During their senior year, John invited Hicks home with him for Thanksgiving. John lived with his father, Mark Birrell, in a ten-room condo in Surfside. Hicks had never seen anything like it outside of the movies. The entire weekend was filled with the comings and goings of some of the most fascinating people that Hicks had ever seen. Mark Birrell shook hands with Hicks and welcomed him warmly enough, but was obviously too busy with his more important guests to pay much attention to the two students. Hicks knew he had seen several of the other guests on TV and in the movies. He left Miami extremely impressed.

So when the question of financing entered Hicks’ mind it occurred to him that Mark Birrell might be interested in the project. From what he had seen on his brief visit to the man’s home there seemed to be enough money in the family to keep them in beans.

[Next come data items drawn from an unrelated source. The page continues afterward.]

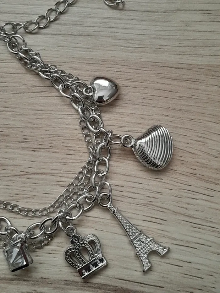 Bracelet ajustable, à breloques "Paris",  style Boho-Chic, couleur argentée - photo numéro 2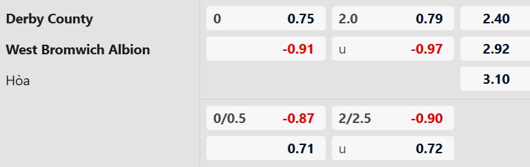 Soi kèo châu Á Derby County vs West Brom: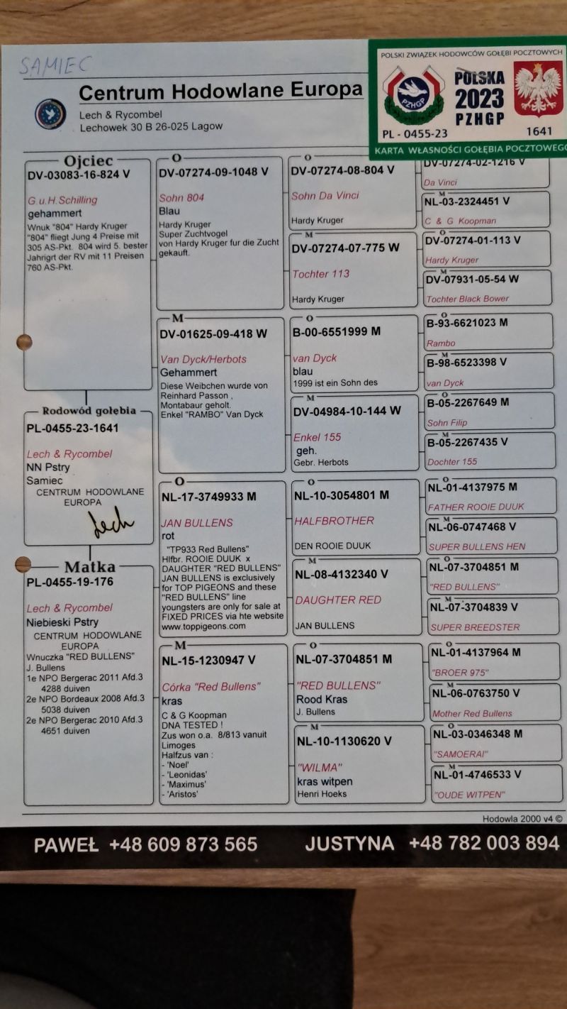 PL-0455-23-1641 oryg. Centrum Hodowlane Europa Wnuk "804 H.Kruger/ Linia "Rambo" D.Van Dyck x Wnuczka "Red Bullens"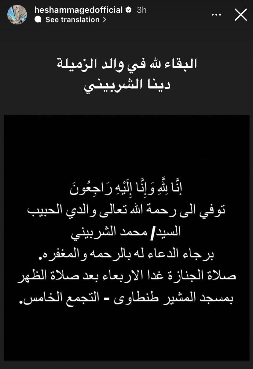 وكتب هشام ماجد عبر خاصية ستوري بحسابه بتطبيق انستجرام :"البقاء لله فى والد الزميلة دينا الشربينى".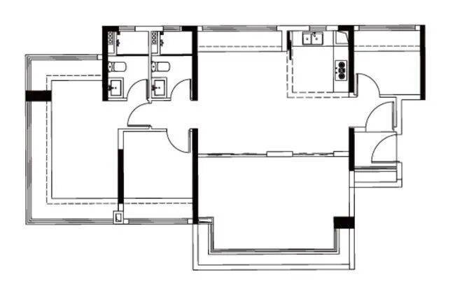 约104㎡ 4空间2卫:6.1米大阳台,四开间朝南,空间利用率高。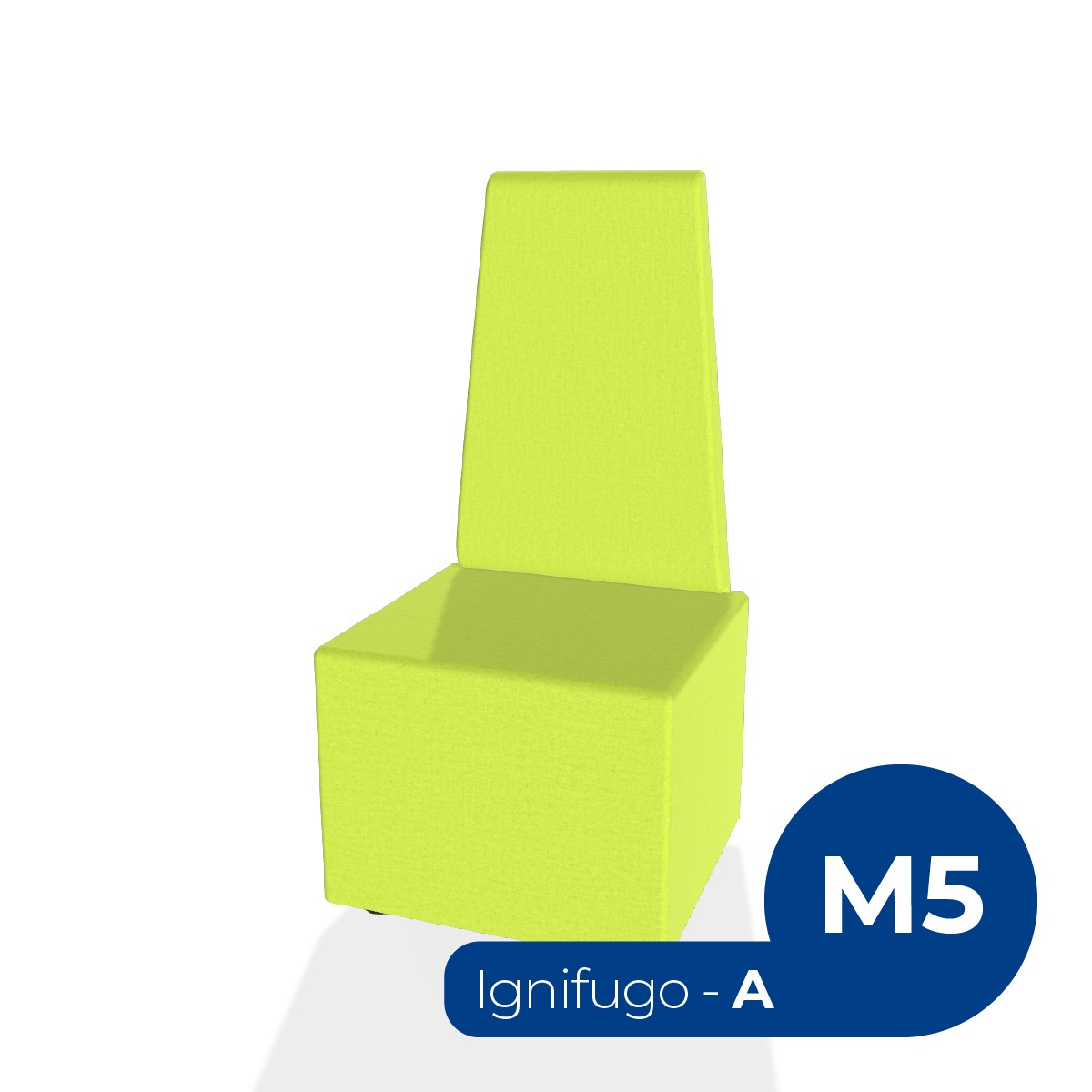 Pouf componibile di forma rettangolo stretto altezza M5 e schienale alto. Dimensioni: 48x51,5xH42cm, piedini alla base da 2,5 cm, altezza da terra 106cm. Compatibile per sistema di aggancio unione elementi. Materiale: rivestimento, sfoderabile, tessuto ignifugo colore di tipo "A" verde acido, struttura in legno, imbottitura in gomma. La caratteristica chiave di questa linea è la modularità assoluta. E’ possibile infatti creare illimitate combinazioni abbinando le diverse forme, al fine di dividere gli ambienti e arricchire gli spazi comuni. Prodotto pensato per gli spazi comuni quali atrii, corridoi ed altre aree di passaggio. Prodotto consegnato montato. (Richiede l'acquisto di altri Pouf e sistema di aggancio)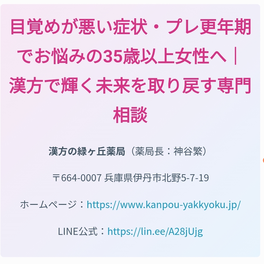 目覚めが悪い症状・プレ更年期でお悩みの35歳以上女性へ|漢方で輝く未来を取り戻す📅2025/11/28GS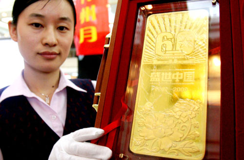 圖為一名工作人員展示重達10000克的“盛世中國”紀念金條。

Hicks picked up the phone and called Miami.

 

Mark Birrell had been born Marcello Birrelli in Trenton, New Jersey in 1934. His father, Guillermo, started out running numbers in Brooklyn at the age of fifteen. When he turned twenty-one he moved to Trenton and took up bootleg booze, prostitution and large-scale gambling. Due to his insistence that he was only involved in victimless rackets, those in the know dubbed him Willie No-Fault, although few dared call him that to his face. When Mark was fourteen—and still Marcello—Willie No-Fault and three of his soldiers left the house one spring afternoon to try out Willie’s brand new 1948 Lincoln Continental convertible. Willie had read in the paper that the Erie Railroad had just taken delivery of a brand new locomotive the previous week. Being something of a frustrated engineer, he pointed the Lincoln toward the railroad yard with the hope of getting a look at the new machine.